◆ **How to complete this task**:
After locating the line that contains "备注:1985年作 。题识:旧作游蓬莱口", give that line and all the rest through the end of the entries again exactly, leaving the pictures out.

◆ **Given entries**:
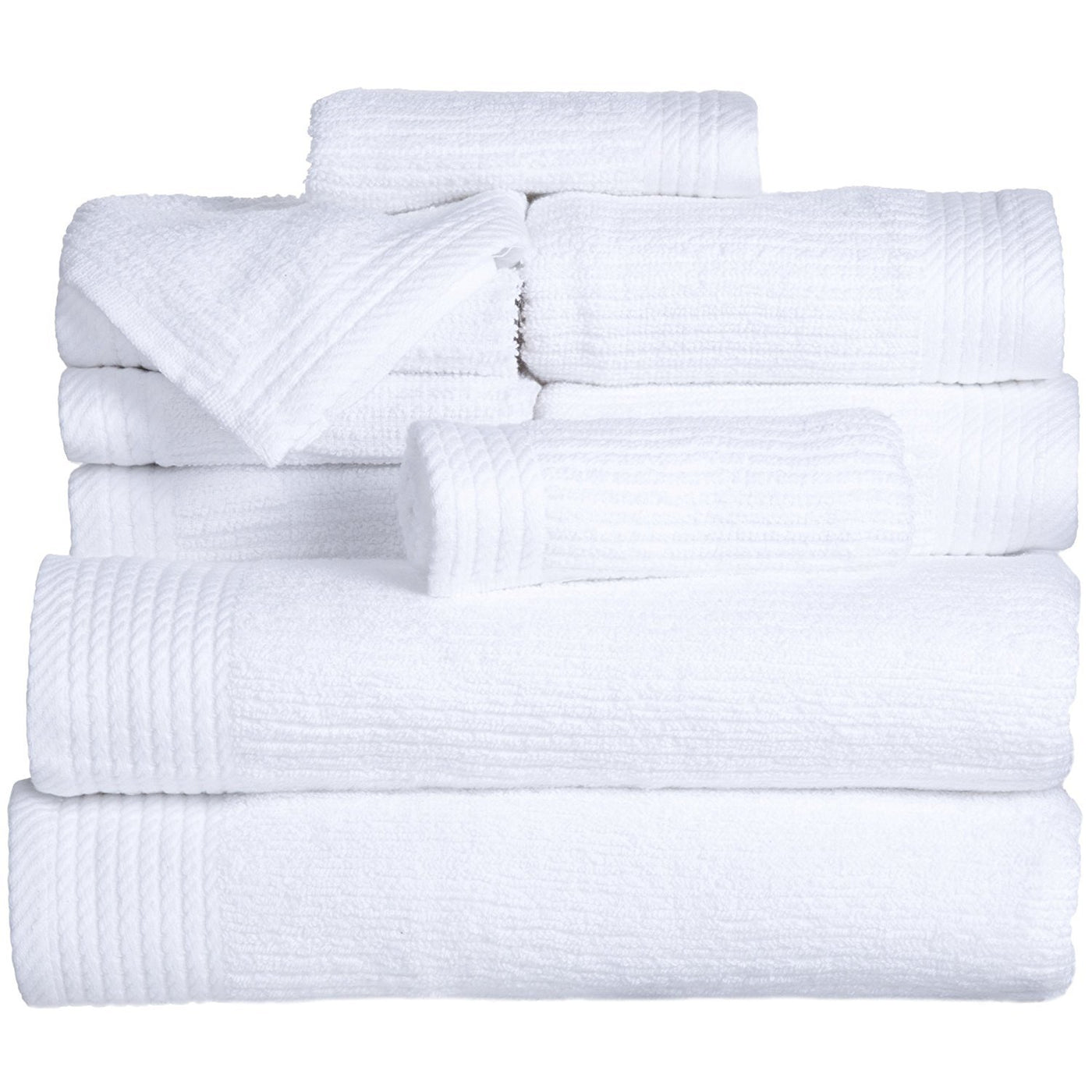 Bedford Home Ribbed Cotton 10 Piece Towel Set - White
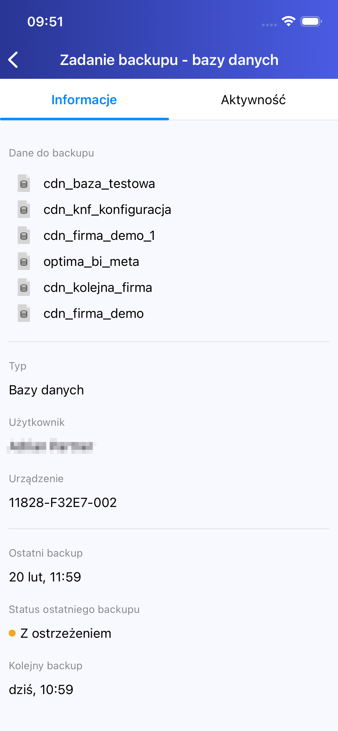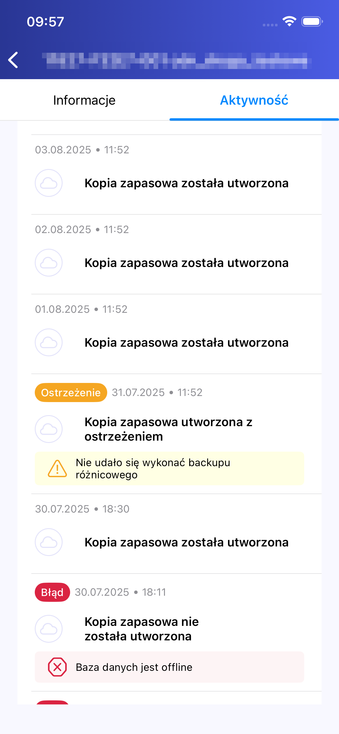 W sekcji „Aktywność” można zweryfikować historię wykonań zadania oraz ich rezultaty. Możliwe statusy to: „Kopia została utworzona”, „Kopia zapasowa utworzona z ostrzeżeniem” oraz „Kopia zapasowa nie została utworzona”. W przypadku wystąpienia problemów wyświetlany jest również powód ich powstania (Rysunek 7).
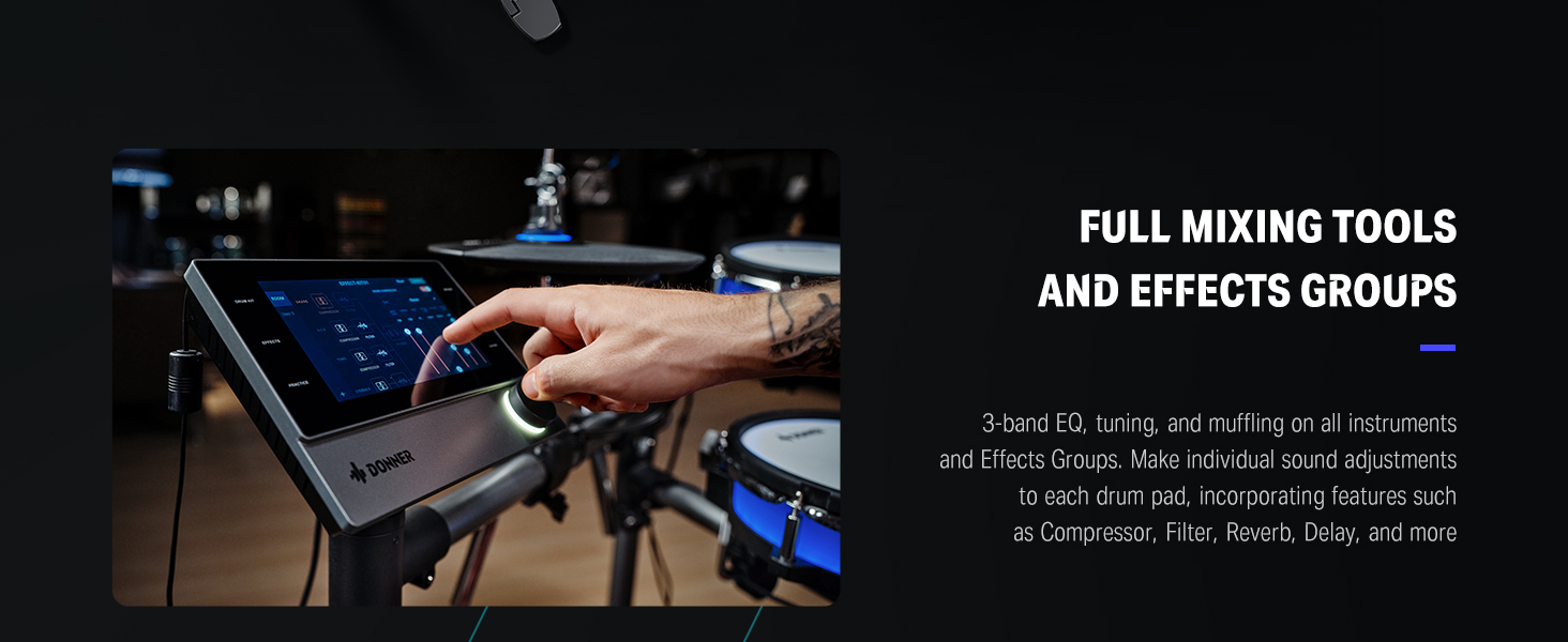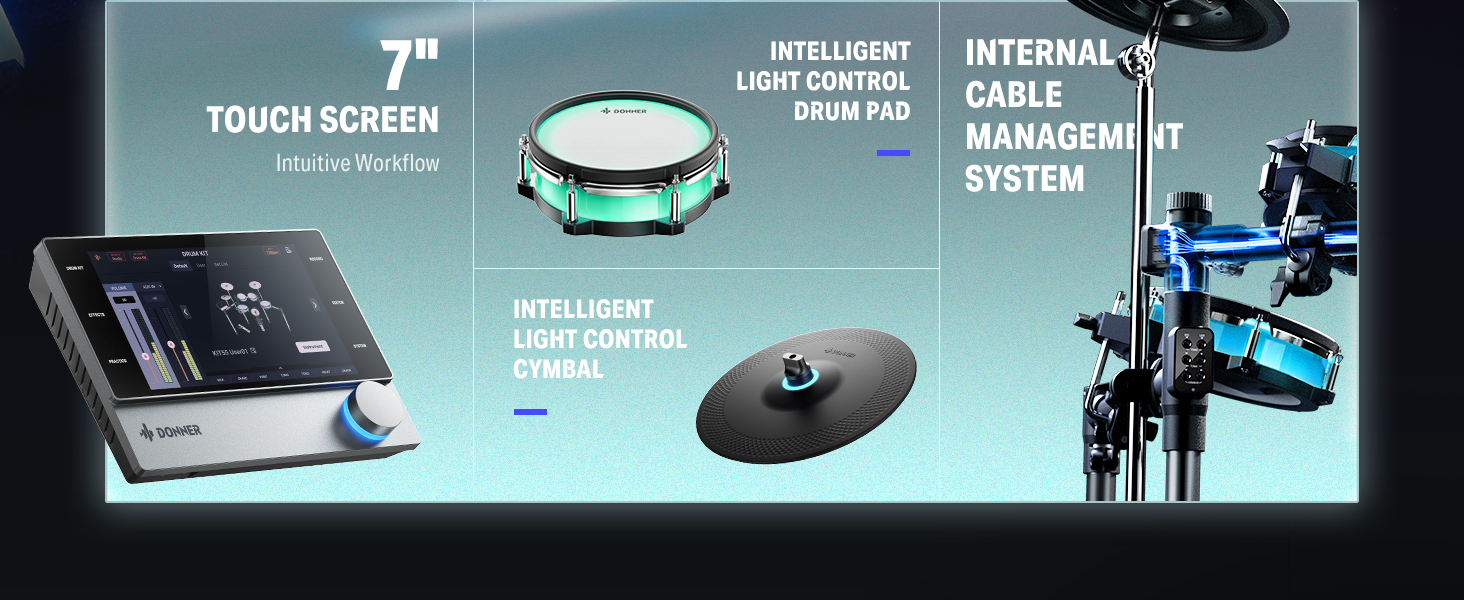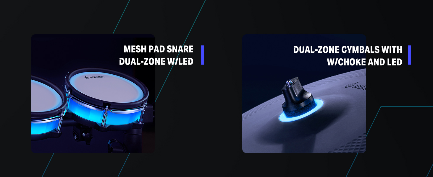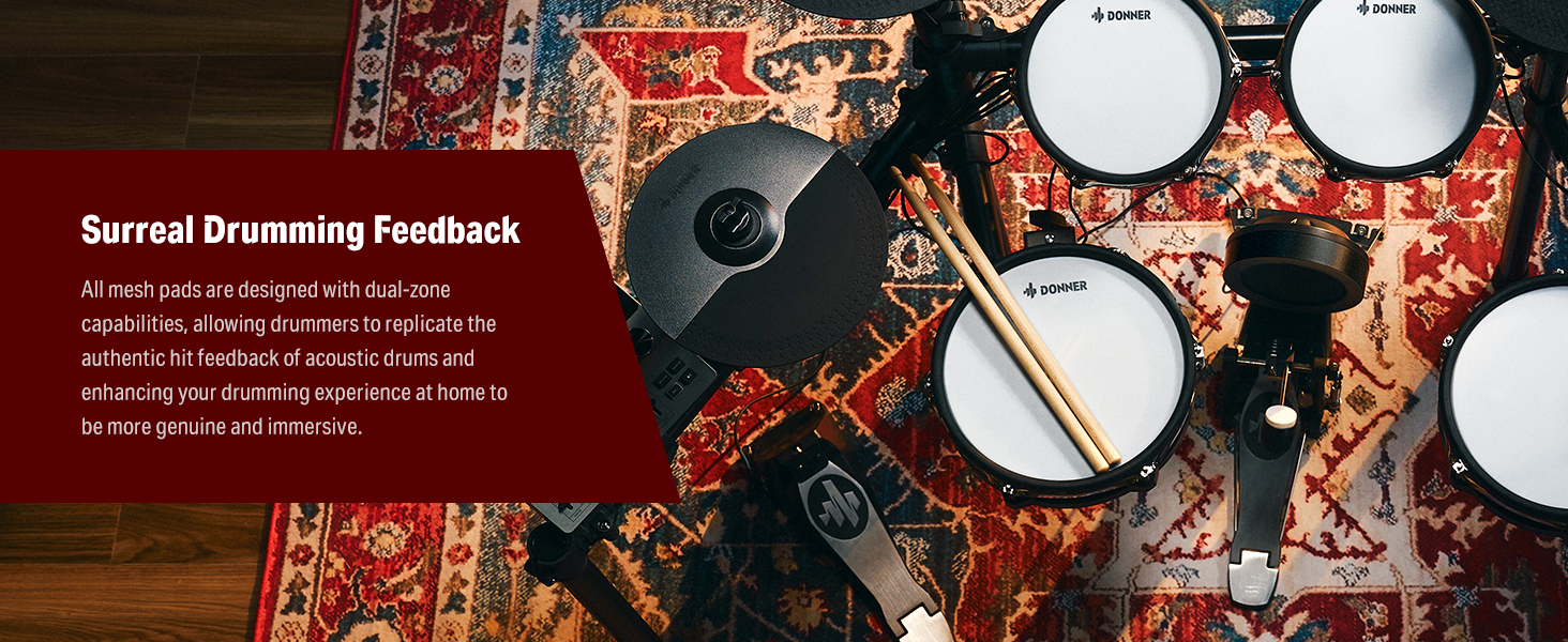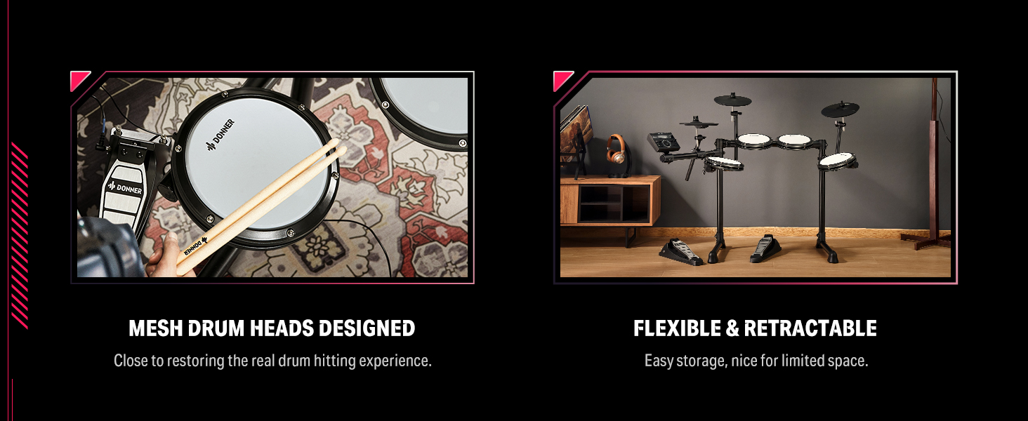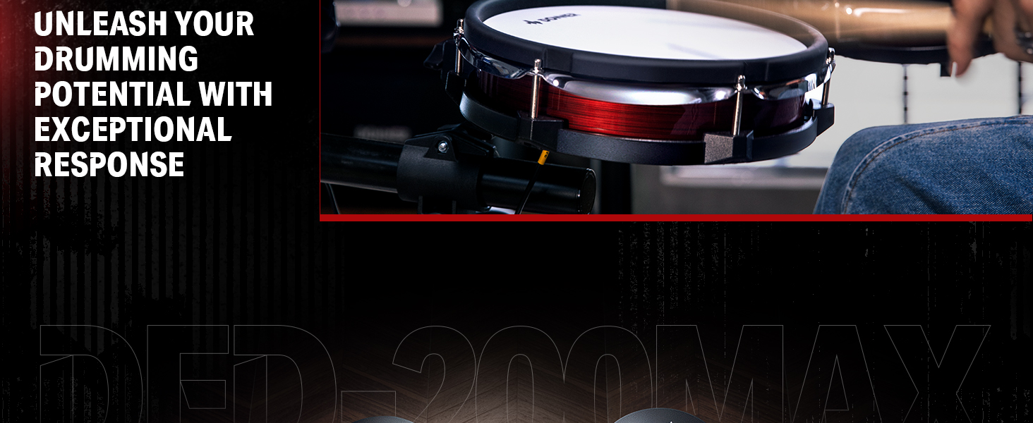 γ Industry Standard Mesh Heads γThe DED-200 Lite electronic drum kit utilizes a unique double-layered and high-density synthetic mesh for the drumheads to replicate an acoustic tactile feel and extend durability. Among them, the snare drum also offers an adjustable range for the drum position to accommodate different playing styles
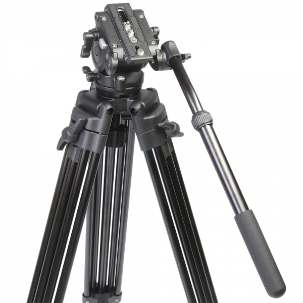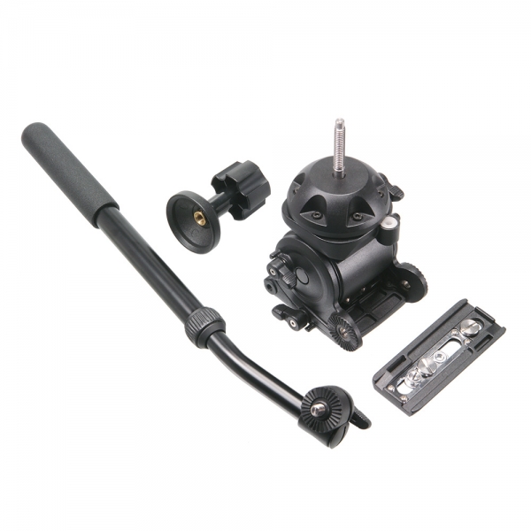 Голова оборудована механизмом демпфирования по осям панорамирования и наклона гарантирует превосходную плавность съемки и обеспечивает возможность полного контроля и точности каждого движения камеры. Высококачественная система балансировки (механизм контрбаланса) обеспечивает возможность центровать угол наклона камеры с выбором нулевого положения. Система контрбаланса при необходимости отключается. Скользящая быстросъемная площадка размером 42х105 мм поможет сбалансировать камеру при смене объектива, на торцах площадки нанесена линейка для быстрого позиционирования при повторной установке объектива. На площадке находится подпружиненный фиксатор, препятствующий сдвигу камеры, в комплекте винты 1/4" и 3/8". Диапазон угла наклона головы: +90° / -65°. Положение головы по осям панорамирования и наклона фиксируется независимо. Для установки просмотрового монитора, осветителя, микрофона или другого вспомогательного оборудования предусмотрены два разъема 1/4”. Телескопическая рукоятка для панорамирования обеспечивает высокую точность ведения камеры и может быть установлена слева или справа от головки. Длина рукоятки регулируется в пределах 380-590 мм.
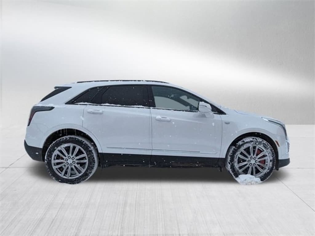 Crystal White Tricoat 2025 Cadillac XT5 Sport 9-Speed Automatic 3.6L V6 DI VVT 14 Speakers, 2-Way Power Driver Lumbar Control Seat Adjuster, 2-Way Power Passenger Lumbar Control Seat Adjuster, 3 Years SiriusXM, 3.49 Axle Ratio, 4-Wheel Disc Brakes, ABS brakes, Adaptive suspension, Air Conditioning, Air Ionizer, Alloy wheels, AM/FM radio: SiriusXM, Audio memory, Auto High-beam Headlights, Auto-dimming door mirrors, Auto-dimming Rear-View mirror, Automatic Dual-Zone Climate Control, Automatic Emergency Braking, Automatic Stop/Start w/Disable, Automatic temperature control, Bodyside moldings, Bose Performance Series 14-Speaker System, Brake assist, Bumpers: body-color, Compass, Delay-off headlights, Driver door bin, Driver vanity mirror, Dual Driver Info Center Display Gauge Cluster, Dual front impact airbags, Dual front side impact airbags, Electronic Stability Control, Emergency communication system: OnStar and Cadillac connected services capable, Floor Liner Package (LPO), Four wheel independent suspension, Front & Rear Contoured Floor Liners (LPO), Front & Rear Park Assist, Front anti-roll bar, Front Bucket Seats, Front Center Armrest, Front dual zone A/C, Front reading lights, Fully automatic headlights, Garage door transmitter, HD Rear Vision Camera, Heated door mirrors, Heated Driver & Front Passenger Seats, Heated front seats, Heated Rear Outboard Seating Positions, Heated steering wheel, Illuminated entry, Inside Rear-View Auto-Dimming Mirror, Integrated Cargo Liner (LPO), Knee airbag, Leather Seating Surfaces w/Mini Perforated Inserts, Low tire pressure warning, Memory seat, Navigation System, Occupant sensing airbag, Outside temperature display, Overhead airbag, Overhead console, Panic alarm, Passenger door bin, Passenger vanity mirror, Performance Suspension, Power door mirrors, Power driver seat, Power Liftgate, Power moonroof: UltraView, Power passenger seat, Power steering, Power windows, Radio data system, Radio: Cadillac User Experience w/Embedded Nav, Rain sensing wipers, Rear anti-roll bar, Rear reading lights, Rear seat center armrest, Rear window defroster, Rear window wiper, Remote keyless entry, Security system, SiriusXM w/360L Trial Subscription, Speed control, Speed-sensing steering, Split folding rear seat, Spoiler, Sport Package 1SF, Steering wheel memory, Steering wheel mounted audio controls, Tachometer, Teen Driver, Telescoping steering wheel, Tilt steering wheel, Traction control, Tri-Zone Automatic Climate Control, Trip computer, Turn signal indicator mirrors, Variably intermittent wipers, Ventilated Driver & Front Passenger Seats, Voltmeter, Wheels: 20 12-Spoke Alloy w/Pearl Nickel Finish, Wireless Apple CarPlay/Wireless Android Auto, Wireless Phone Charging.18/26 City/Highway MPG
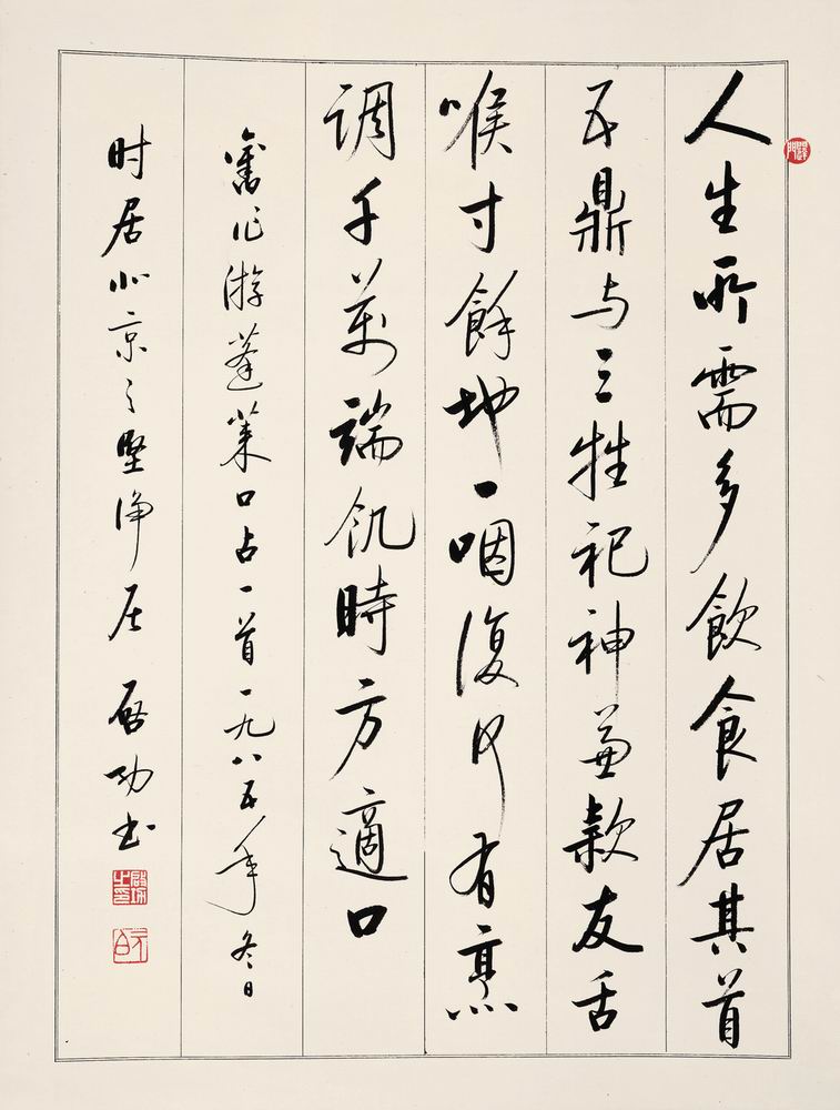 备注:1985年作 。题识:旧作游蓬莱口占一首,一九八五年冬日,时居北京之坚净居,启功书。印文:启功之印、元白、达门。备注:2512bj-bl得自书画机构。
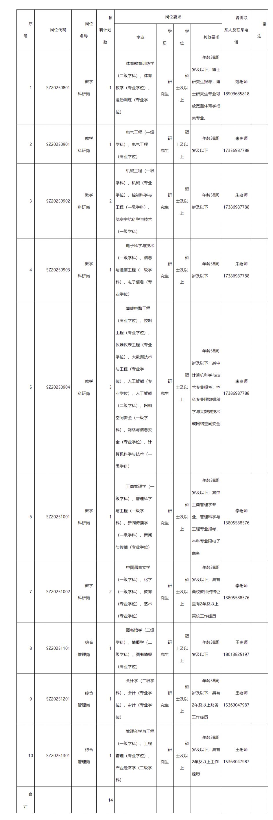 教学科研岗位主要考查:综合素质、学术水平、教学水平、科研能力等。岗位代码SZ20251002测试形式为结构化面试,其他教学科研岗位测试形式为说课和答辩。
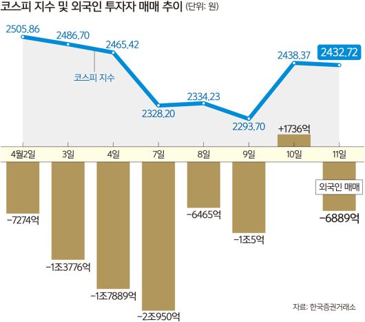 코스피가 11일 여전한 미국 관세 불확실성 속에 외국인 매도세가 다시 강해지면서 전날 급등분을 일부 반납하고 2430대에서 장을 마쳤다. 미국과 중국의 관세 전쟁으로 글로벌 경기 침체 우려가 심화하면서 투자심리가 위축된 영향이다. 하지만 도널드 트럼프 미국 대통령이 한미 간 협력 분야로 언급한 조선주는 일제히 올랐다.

◆ **Solution for this task**:
 备注:1985年作 。题识:旧作游蓬莱口占一首,一九八五年冬日,时居北京之坚净居,启功书。印文:启功之印、元白、达门。备注:2512bj-bl得自书画机构。
 教学科研岗位主要考查:综合素质、学术水平、教学水平、科研能力等。岗位代码SZ20251002测试形式为结构化面试,其他教学科研岗位测试形式为说课和答辩。
 코스피가 11일 여전한 미국 관세 불확실성 속에 외국인 매도세가 다시 강해지면서 전날 급등분을 일부 반납하고 2430대에서 장을 마쳤다. 미국과 중국의 관세 전쟁으로 글로벌 경기 침체 우려가 심화하면서 투자심리가 위축된 영향이다. 하지만 도널드 트럼프 미국 대통령이 한미 간 협력 분야로 언급한 조선주는 일제히 올랐다.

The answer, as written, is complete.